__What needs to be done__:
As you print the data below, keep every line exactly as it is and leave the images behind.

__Data block__:

== Segment start ==

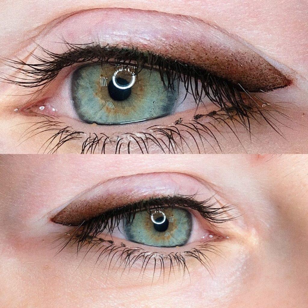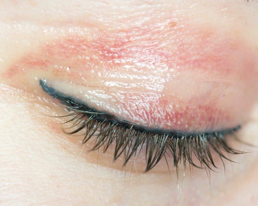 Отечность и покраснение век — это нормальные явления после данной процедуры. Глаза могут слезиться, поэтому мастера порекомендуют специальные умывалки, которые позволят снизить болезненные и неприятные ощущения. Застывшая корочка на веках отпадет через 3 дня, а полное заживление век произойдет через 2 недели.
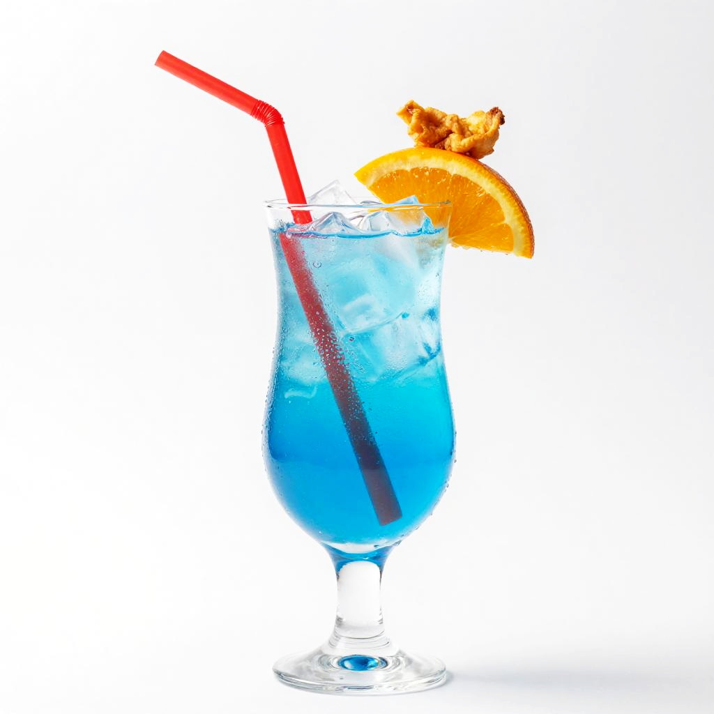 A vibrant blue tropical cocktail in a frosted glass with condensation, featuring a frothy white top. Garnished with a bright red maraschino cherry, an orange slice, and an orange paper umbrella decorated with green floral patterns. A black straw is placed inside the drink. The image is set against a plain white background, highlighting the refreshing and colorful nature of the beverage.
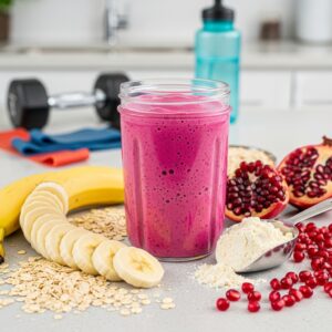 Need a post-workout boost? Blend pomegranate juice, banana, protein powder, and oats.
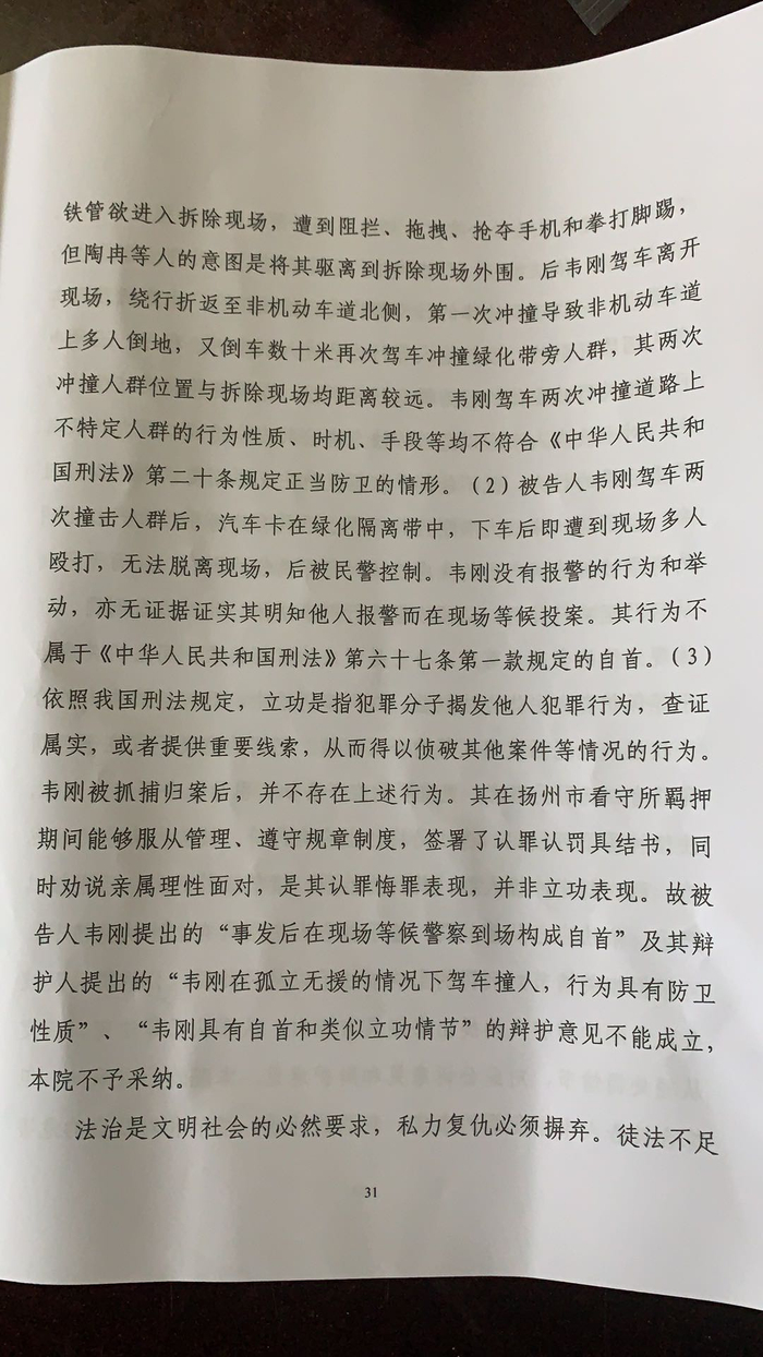 这起发生在2018年10月“牙刷之都”扬州市杭集镇上的撞人血案,由强拆引发,最终导致两死九伤的惨剧。今年3月16日下午,经扬州市中级法院审理,韦刚犯有以危险方法危害公共安全罪,被判处有期徒刑15年,剥夺政治5年。而参与强拆的多人也遭到起诉(尚未开庭审理)。

== Segment end ==

__Exercise answer__:
 Отечность и покраснение век — это нормальные явления после данной процедуры. Глаза могут слезиться, поэтому мастера порекомендуют специальные умывалки, которые позволят снизить болезненные и неприятные ощущения. Застывшая корочка на веках отпадет через 3 дня, а полное заживление век произойдет через 2 недели.
 A vibrant blue tropical cocktail in a frosted glass with condensation, featuring a frothy white top. Garnished with a bright red maraschino cherry, an orange slice, and an orange paper umbrella decorated with green floral patterns. A black straw is placed inside the drink. The image is set against a plain white background, highlighting the refreshing and colorful nature of the beverage.
 Need a post-workout boost? Blend pomegranate juice, banana, protein powder, and oats.
 这起发生在2018年10月“牙刷之都”扬州市杭集镇上的撞人血案,由强拆引发,最终导致两死九伤的惨剧。今年3月16日下午,经扬州市中级法院审理,韦刚犯有以危险方法危害公共安全罪,被判处有期徒刑15年,剥夺政治5年。而参与强拆的多人也遭到起诉(尚未开庭审理)。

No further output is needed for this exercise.